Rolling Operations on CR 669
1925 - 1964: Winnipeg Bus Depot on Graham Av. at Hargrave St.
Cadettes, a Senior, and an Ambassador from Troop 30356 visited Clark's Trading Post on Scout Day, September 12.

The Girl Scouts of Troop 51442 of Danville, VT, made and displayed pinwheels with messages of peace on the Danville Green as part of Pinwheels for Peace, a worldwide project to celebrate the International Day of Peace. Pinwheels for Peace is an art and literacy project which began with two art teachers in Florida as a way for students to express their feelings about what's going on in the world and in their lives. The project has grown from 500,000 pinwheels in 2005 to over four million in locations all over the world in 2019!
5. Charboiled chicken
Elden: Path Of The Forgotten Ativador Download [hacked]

------------------------------

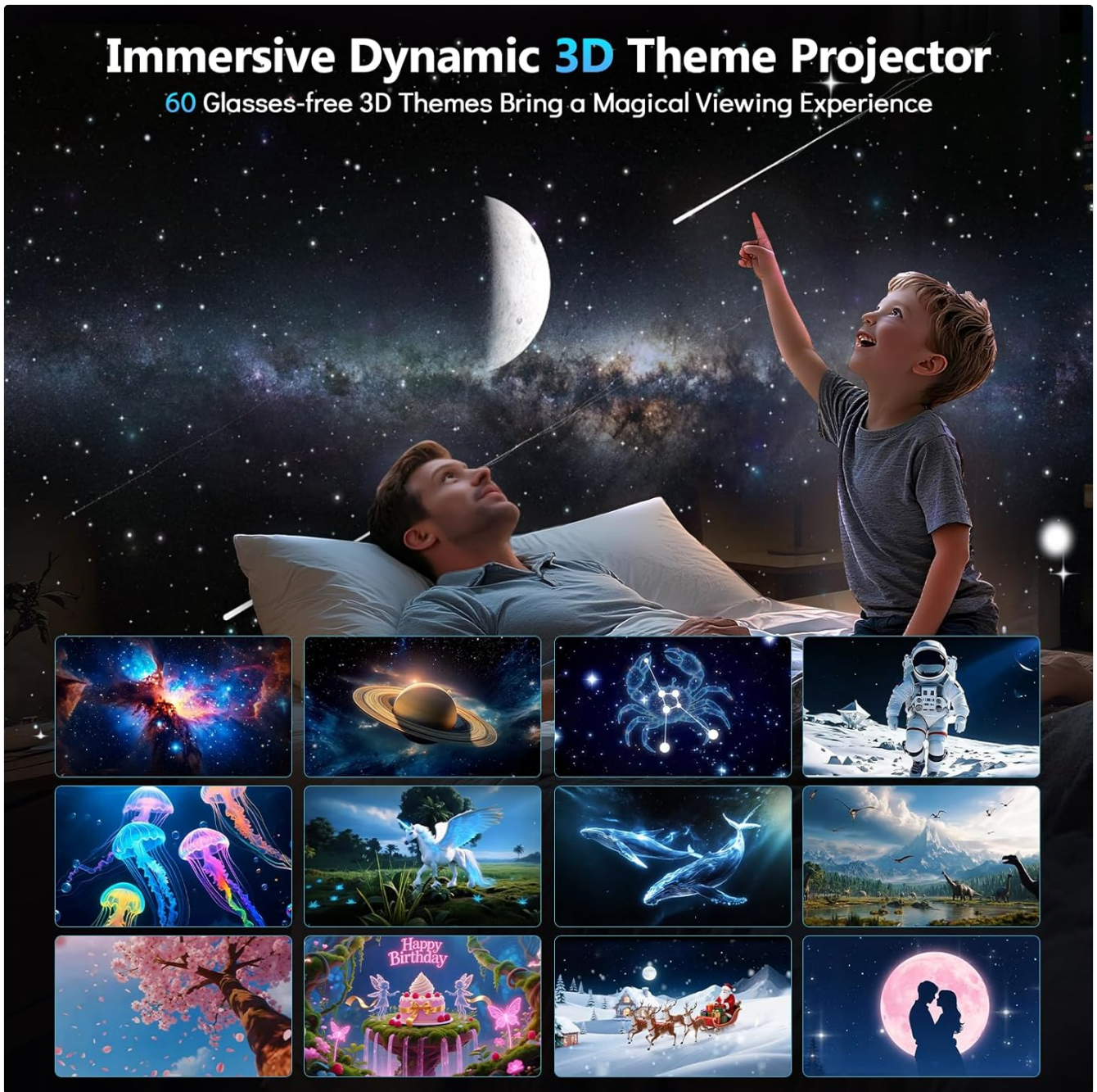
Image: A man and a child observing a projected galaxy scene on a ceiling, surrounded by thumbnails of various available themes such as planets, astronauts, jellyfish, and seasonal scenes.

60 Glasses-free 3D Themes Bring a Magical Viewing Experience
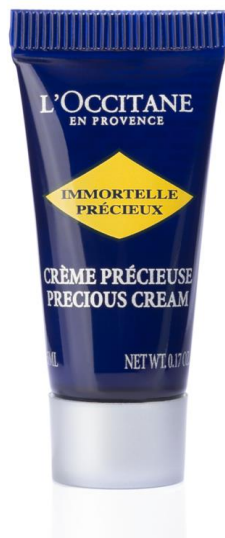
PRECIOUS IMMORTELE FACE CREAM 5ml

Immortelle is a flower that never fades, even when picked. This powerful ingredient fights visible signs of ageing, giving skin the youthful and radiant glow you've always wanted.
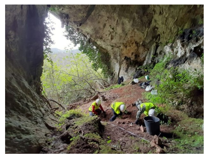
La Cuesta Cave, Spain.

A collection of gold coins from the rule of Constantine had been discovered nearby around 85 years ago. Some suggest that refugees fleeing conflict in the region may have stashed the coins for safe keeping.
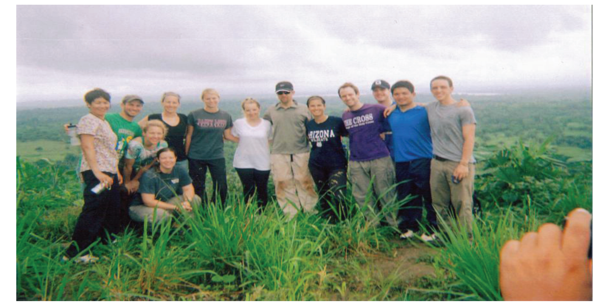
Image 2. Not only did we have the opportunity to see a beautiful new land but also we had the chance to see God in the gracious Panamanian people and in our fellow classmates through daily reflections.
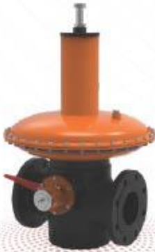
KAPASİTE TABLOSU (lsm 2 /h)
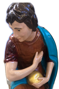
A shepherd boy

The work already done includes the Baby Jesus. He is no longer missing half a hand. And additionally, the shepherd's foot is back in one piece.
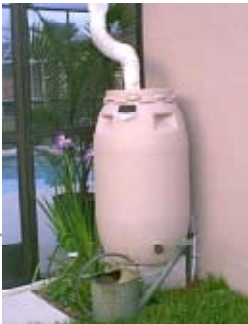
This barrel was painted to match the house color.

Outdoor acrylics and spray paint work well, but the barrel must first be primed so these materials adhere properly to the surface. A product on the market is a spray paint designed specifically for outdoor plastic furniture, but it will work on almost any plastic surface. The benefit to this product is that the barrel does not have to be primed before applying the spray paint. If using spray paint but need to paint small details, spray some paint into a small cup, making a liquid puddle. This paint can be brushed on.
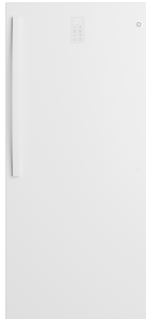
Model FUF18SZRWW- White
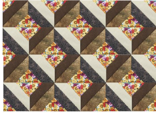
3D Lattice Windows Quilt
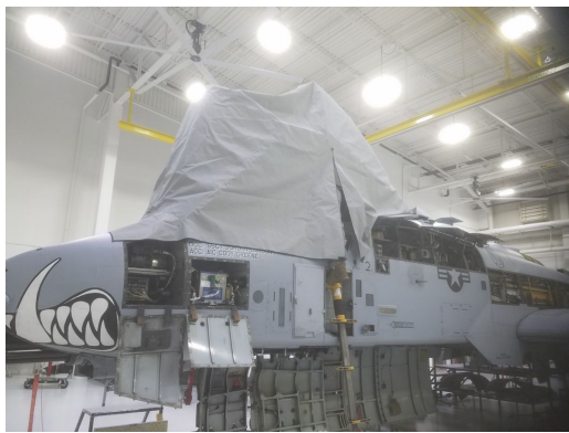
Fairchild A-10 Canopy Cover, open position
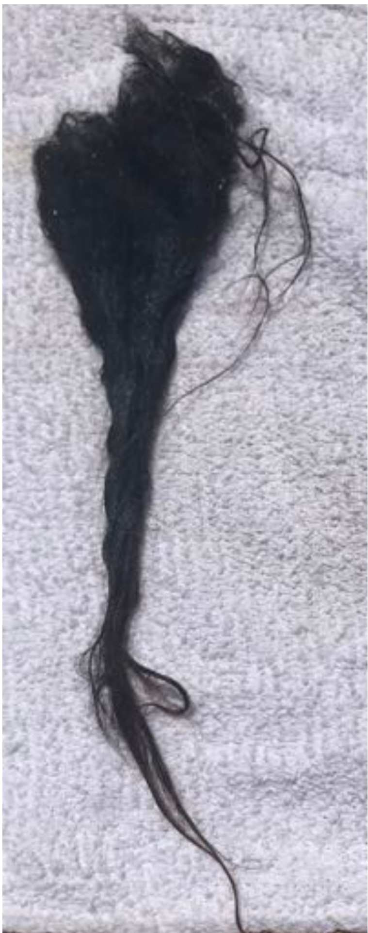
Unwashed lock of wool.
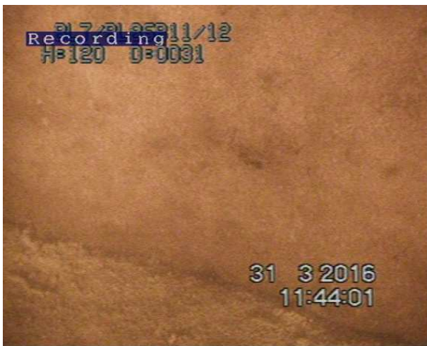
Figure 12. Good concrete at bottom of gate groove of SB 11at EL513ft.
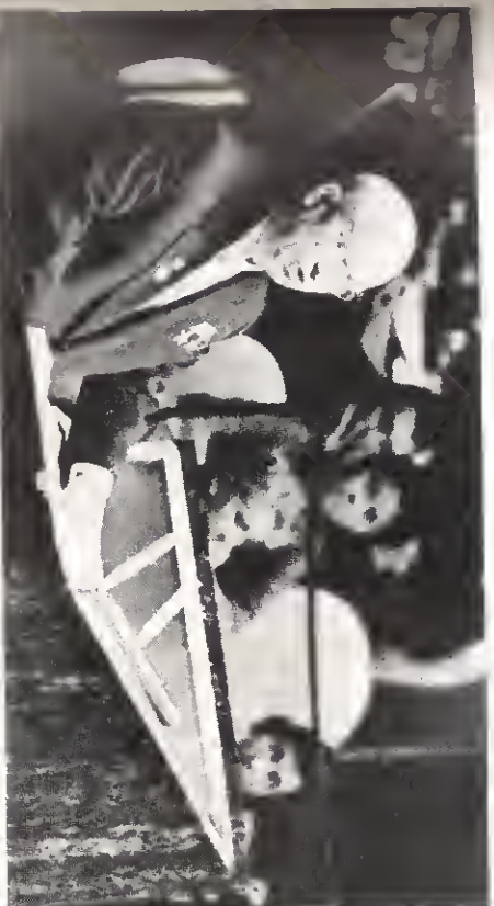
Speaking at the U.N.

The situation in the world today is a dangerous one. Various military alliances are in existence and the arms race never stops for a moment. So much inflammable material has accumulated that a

------------------------------

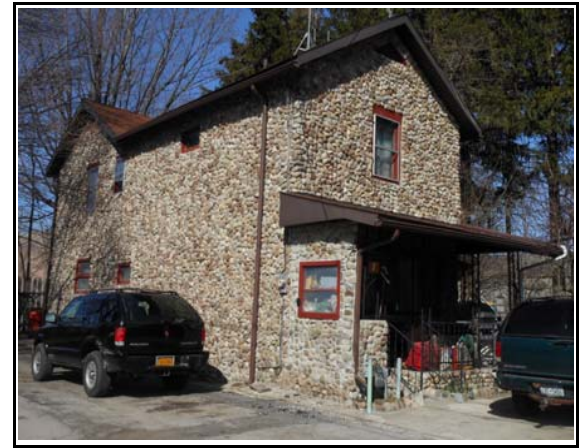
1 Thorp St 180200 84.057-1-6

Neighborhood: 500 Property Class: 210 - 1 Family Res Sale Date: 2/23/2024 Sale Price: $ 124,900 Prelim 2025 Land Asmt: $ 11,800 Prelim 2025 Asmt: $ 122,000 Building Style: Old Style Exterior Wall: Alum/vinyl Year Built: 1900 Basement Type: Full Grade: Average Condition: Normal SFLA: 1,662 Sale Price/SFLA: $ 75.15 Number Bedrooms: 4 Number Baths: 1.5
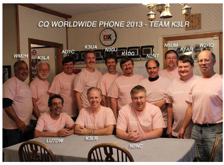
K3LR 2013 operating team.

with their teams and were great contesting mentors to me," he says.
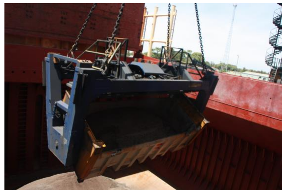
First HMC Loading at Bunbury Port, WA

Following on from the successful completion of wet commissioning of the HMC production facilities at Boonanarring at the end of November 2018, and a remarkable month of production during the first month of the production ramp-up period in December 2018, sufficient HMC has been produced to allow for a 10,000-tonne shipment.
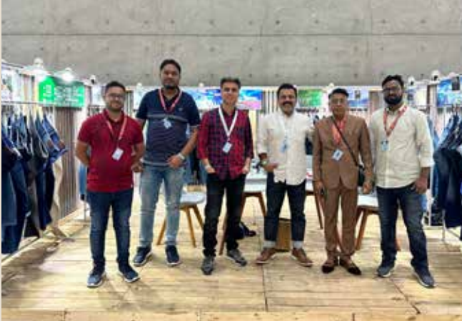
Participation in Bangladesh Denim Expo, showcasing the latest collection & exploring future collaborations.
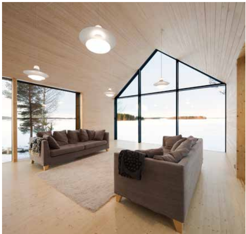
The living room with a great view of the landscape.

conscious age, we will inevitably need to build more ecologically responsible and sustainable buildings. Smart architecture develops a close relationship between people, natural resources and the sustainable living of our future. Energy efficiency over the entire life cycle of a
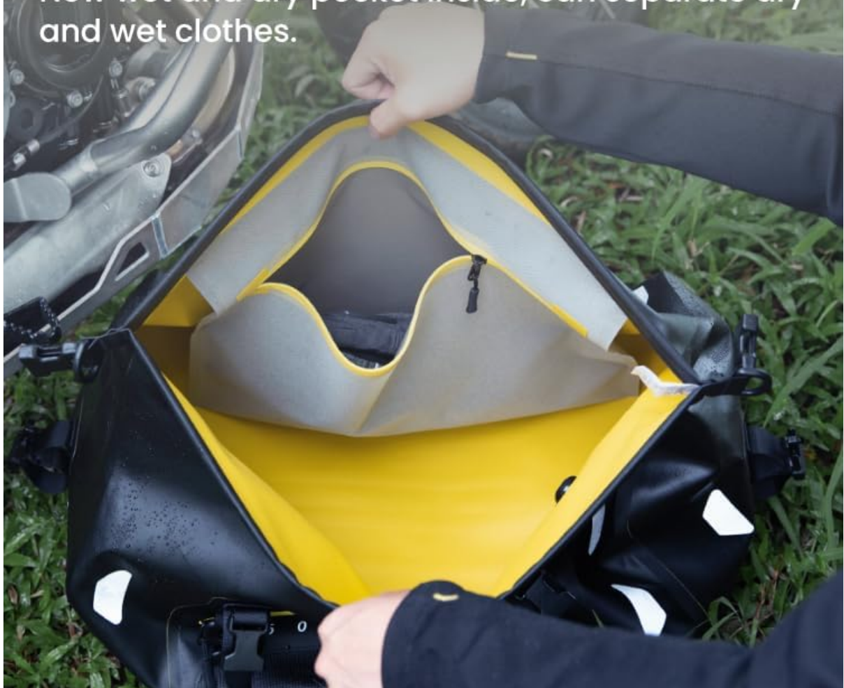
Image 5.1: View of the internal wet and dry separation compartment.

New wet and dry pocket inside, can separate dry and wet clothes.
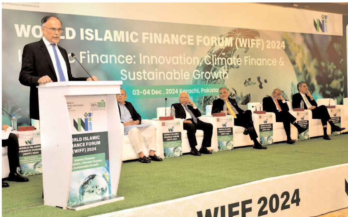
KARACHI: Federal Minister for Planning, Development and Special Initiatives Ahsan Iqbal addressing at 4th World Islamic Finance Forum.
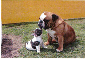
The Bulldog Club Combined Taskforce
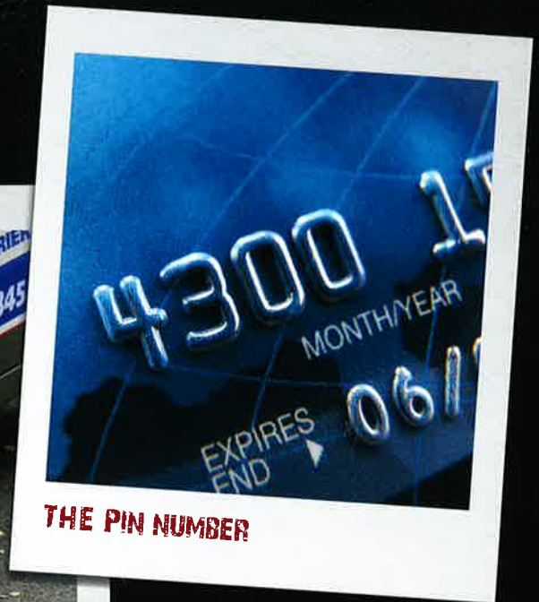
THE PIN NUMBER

------------------------------

Above are some lines. Repeat exactly, and only, those from the line that has "1925 - 1964: Winnipeg" through the line that has "Cadettes, a Senior, and".

1925 - 1964: Winnipeg Bus Depot on Graham Av. at Hargrave St.
Cadettes, a Senior, and an Ambassador from Troop 30356 visited Clark's Trading Post on Scout Day, September 12.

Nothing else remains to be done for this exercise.